### Problem description
Exact reproduction of all the data is required, with pictures excluded.

-- Collected material follows --

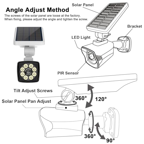 - Easy Installation Adjustable IP65 Waterproof Camera: Since they are wireless and solar powered, there's no need to worry about complex wiring, The lights come with all the necessary mounting hardware, and you can easily attach them to walls, fences, or other outdoor structures using the provided screws. The adjustable design of the light head and solar panel allows you to optimize the lighting and solar charging angles according to your specific needs.
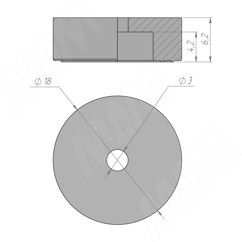 Размеры круглого подпятника D18 мм, h6 мм, под саморез (артикул HR18-6-P)
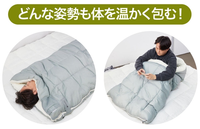 お家、キャンプ、車中泊のどこでもファスナーを上げると体を包む寝袋に大変身!
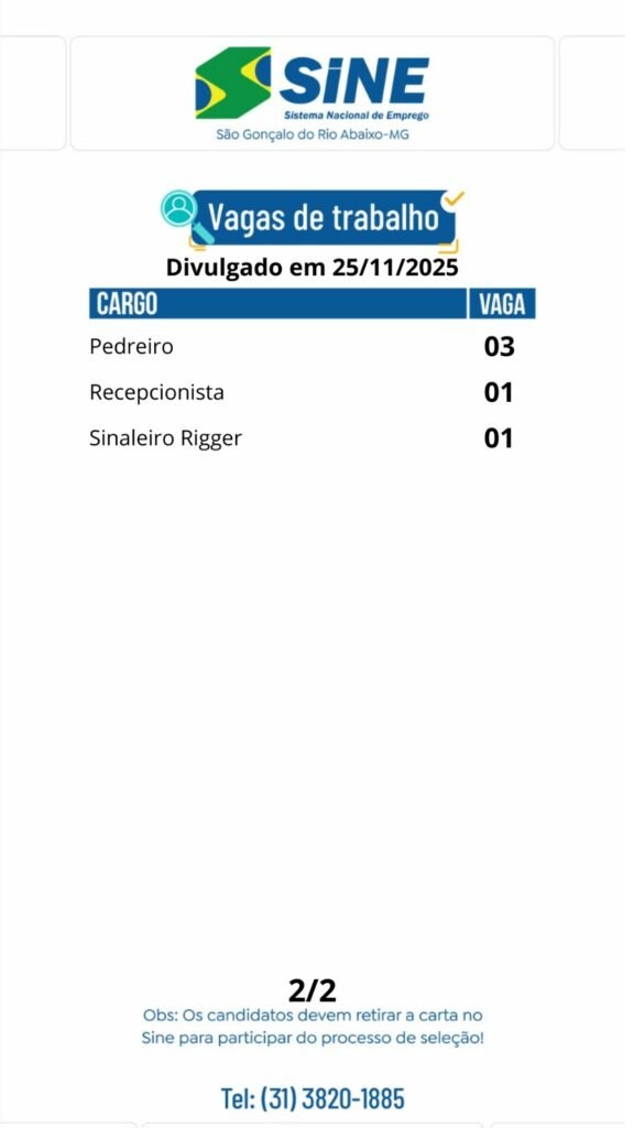 Médio Piracicaba Muitas vagas de emprego para hoje, terça-feira (25/11) no SINE São Gonçalo do Rio Abaixo 25 de novembro de 2025 portaldomediopiracicaba@gmail.com Redação

-- Collected material concluded --

### Solution below
 - Easy Installation Adjustable IP65 Waterproof Camera: Since they are wireless and solar powered, there's no need to worry about complex wiring, The lights come with all the necessary mounting hardware, and you can easily attach them to walls, fences, or other outdoor structures using the provided screws. The adjustable design of the light head and solar panel allows you to optimize the lighting and solar charging angles according to your specific needs.
 Размеры круглого подпятника D18 мм, h6 мм, под саморез (артикул HR18-6-P)
 お家、キャンプ、車中泊のどこでもファスナーを上げると体を包む寝袋に大変身!
 Médio Piracicaba Muitas vagas de emprego para hoje, terça-feira (25/11) no SINE São Gonçalo do Rio Abaixo 25 de novembro de 2025 portaldomediopiracicaba@gmail.com Redação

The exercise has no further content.